Site information
- Type: Castle (ruined)
- Owner: Communauté de communes du Grand Pic Saint-Loup
- Open to the public: No (closed since 2018)
- Condition: Ruined

Location
- Coordinates: 43°46′31″N 3°50′24″E﻿ / ﻿43.7753°N 3.8400°E

Site history
- Built: 12th century
- Materials: Limestone

= Château de Montferrand =

Medieval castle in Hérault, France

The Château de Montferrand is a ruined medieval castle in the commune of Saint-Mathieu-de-Tréviers, in the Hérault department of southern France. It stands on a limestone spur on the eastern ridge of the Pic Saint-Loup, above the village. First documented in the early 12th century, it was a seat of the Counts of Melgueil and later belonged to the bishops of Maguelone. It has been classified as a monument historique since 2024.

== History ==
The oldest visible remains date to the 11th century, when a castrum was built on an earlier fortified site under Count Pierre de Mauguio. In 1132, the castle is recorded as a possession of the Counts of Melgueil, whose county was divided into two districts, Melgueil (later Mauguio) and Montferrand.

During the Albigensian Crusade, the castle was confiscated from Raymond VI, Count of Toulouse, and in 1215 placed by the pope under the bishop of Maguelone, who thereby held both spiritual and temporal authority over the county. In 1574 it was taken by Protestant forces during the French Wars of Religion, and recovered for the Catholic side by Antoine de Cambous in 1584. The bishop Pierre de Fenouillet reinforced its defences against artillery in 1611.

The castle was no longer maintained after the mid-17th century. Under Louis XIV, permission was granted to dismantle it, and demolition began in 1709, though transport difficulties left much of the structure standing as ruins.

== Conservation and protection ==
The castle occupies roughly 7,000 square metres along the ridge, with 17th-century texts distinguishing a "vieux Montferrand" and a "petit Montferrand". The Communauté de communes du Grand Pic Saint-Loup acquired the site in 2009 and began a conservation programme in 2017; it has been closed to the public since 2018 for safety reasons. Since 2018 the ruins have been the subject of an architectural and archaeological survey directed by the architect Thomas Robardet-Caffin, whose 2021 doctoral thesis at the Paul Valéry University covers the castle and other fortifications of the Pic Saint-Loup.
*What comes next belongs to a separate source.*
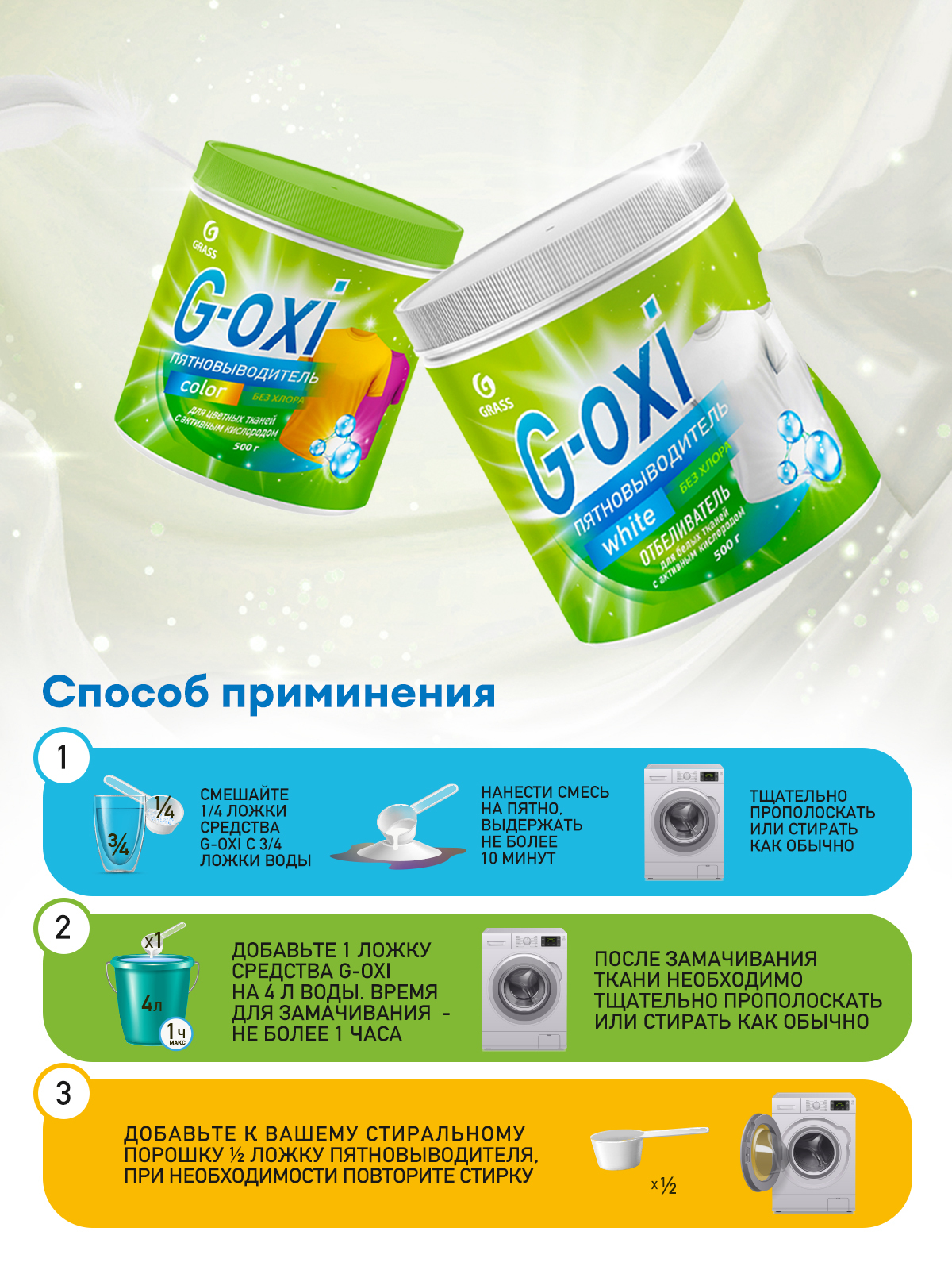 Описание: Пятновыводитель отбеливатель для белья с активным кислородом GRASS G-OXI для белого белья 500гр - универсальное чистящее средство на основе активного кислорода для удаления загрязнений пятен травы, вина, крови, фломастера, чернил, масла, жира, плесени. Кислородный отбеливатель с мерной ложкой (внизу банки) бережно отбеливает, устраняет запах. Благодаря нано-формуле, кислородный отбеливатель для стирки в десятки раз мощнее перкарбонат натрия и белизны. Гель для стирки, он же жидкий порошок для стирки, стиральный порошок, таблетки и капсулы для стирки, а также любые другие средства для стирки идеально подходят к данному пятновыводителю под любой тип белья. Пятновыводитель отбеливатель можно использовать как отбеливающая добавка для замачивания и отбеливания посуды, одежды. Пятновыводитель - мощное чистящее средство на основе сильнодействующего кислорода. Средство для выведения пятен не содержит хлор, фосфаты и красители. Безопасен для окружающей среды.

The castle was registered as a monument historique on 15 June 2022, and classified, the higher level of protection, by decree of 25 March 2024. It was the eighth classified monument within the Grand Pic Saint-Loup area. Work to stabilise the ruins was planned to begin in 2025, ahead of archaeological excavation and a phased restoration. In 2025 the castle was among the sites selected for the national heritage lottery (Loto du patrimoine), receiving €200,000 towards securing the ruins.